HGNC Approved Gene Symbol: PIGR

Cytogenetic location: 1q32.1     Genomic coordinates (GRCh38): 1:206,928,522-206,946,466 (from NCBI)


TEXT

Description

The poly-Ig receptor is expressed on several glandular epithelia including those of liver and breast. It mediates transcellular transport of polymeric immunoglobulin molecules. It is a member of the immunoglobulin superfamily (Hood et al., 1985). The receptor has 5 units with homology to the variable (V) units of immunoglobulins and a transmembrane region, which also has some homology to certain immunoglobulin variable regions.


Cloning and Expression

Davidson et al. (1988) cloned the human PIGR gene.


Gene Structure

Krajci et al. (1992) identified 11 exons covering the entire PIGR coding region.


Gene Function

Zhang et al. (2000) reported that human PIGR can bind to a major pneumococcal adhesin, CbpA. Expression of PIGR in human nasopharyngeal cells and MDCK cells greatly enhanced pneumococcal adherence and invasion. The PIGR-mediated bacterial adherence and invasion were abolished by either insertional knockout of CbpA or antibodies against either PIGR or CbpA. These results suggested that pneumococci are a novel example of a pathogen coopting the PIG transcytosis machinery to promote translocation across a mucosal barrier.

PIGR binds its ligand, dimeric IgA (dIgA; see 146900), at the basolateral surface of epithelial cells.

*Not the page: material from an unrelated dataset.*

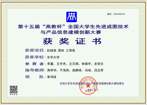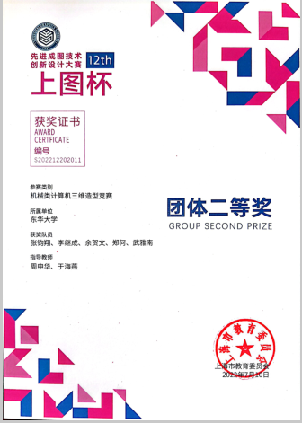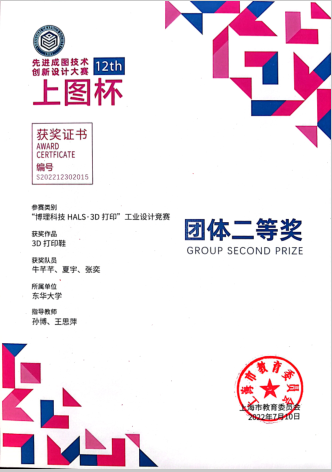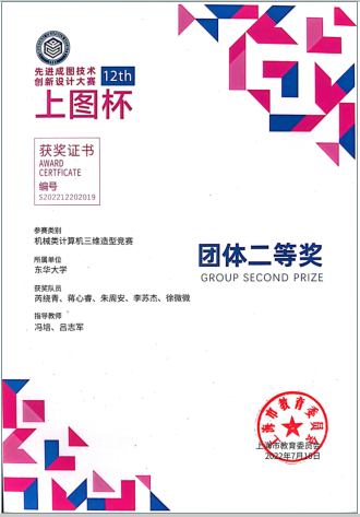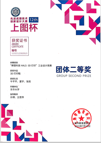 2022年5月,由上海市教育委员会主办、上海市科学技术协会支持,由上海市图学学会与best365中国官方网站承办的第十二届“上图杯”先进成图技术与创新设计大赛成功举行。公司机械工程及工业设计员工共获得机械类团体二等奖2项,个人一等奖3项,二等奖12项;“博理科技 HALS-3D打印”工业设计竞赛团体二等奖6项,个人二等奖1项,周申华、于海燕、冯培、吕志军、沈琼、孙博、王思萍等获得优秀指导教师奖。

After endocytosis, the PIGR-dIgA complex traverses several endosomal compartments and is exocytosed at the apical plasma membrane. Van IJzendoorn et al. (2002) found that Rab3b (179510) localized to vesicular structures containing Pigr in canine kidney cells and that GTP-bound Rab3b interacted directly with the cytoplasmic domain of Pigr. Binding of dIgA to Pigr dissociated Rab3b, but a constitutively active Rab3b mutant maintained its interaction with Pigr in dIgA-treated cells. Furthermore, GTP-locked Rab3b inhibited dIgA-stimulated transcytosis.


Mapping

Davidson et al. (1988) localized the PIGR gene to 1q31-q41 by a combination of somatic cell hybridization and in situ hybridization. By Southern blot analysis of human/rodent somatic hybrid panels, including hybrids with translocation chromosomes carrying different parts of chromosome 1, Krajci et al. (1991) confirmed the assignment of PIGR to 1q31-q42. Krajci et al. (1992) found linkage evidence supporting the location of PIGR in this region.


Molecular Genetics

Obara et al. (2003) performed a case-control association study involving 389 Japanese patients with immunoglobulin A nephropathy (IgAN; 161950) and 465 controls. A significant association was found between IgAN and 6 SNPs in the PIGR gene. One of the SNPs, PIGR17, caused an amino acid substitution from alanine to valine at codon 580. Another SNP, PIGR2, may affect promoter activity. Pairwise analyses demonstrated that all 6 SNPs were in almost complete linkage disequilibrium. Biopsy specimens from IgAN patients were positively stained by antibody against the secretory component of PIGR, but corresponding tissues from non-IgAN patients were not.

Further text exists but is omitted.